# GOAL OF THE EXERCISE
In the listing below, start your output at the line with "从新茶饮头部品牌现存门店量看" and end it after the line with "This paper details", copying every line exactly.

# RECORD EXTRACTS
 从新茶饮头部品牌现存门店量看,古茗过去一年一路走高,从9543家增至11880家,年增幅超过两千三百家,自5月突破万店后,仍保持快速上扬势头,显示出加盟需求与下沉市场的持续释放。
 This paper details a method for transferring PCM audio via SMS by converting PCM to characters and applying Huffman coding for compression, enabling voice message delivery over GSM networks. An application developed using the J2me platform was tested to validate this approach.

* * *

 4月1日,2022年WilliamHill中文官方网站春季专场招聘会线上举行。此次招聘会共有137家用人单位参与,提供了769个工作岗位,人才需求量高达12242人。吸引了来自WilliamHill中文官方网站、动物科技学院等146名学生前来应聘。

# RESPONSE TO THE TASK
 从新茶饮头部品牌现存门店量看,古茗过去一年一路走高,从9543家增至11880家,年增幅超过两千三百家,自5月突破万店后,仍保持快速上扬势头,显示出加盟需求与下沉市场的持续释放。
 This paper details a method for transferring PCM audio via SMS by converting PCM to characters and applying Huffman coding for compression, enabling voice message delivery over GSM networks. An application developed using the J2me platform was tested to validate this approach.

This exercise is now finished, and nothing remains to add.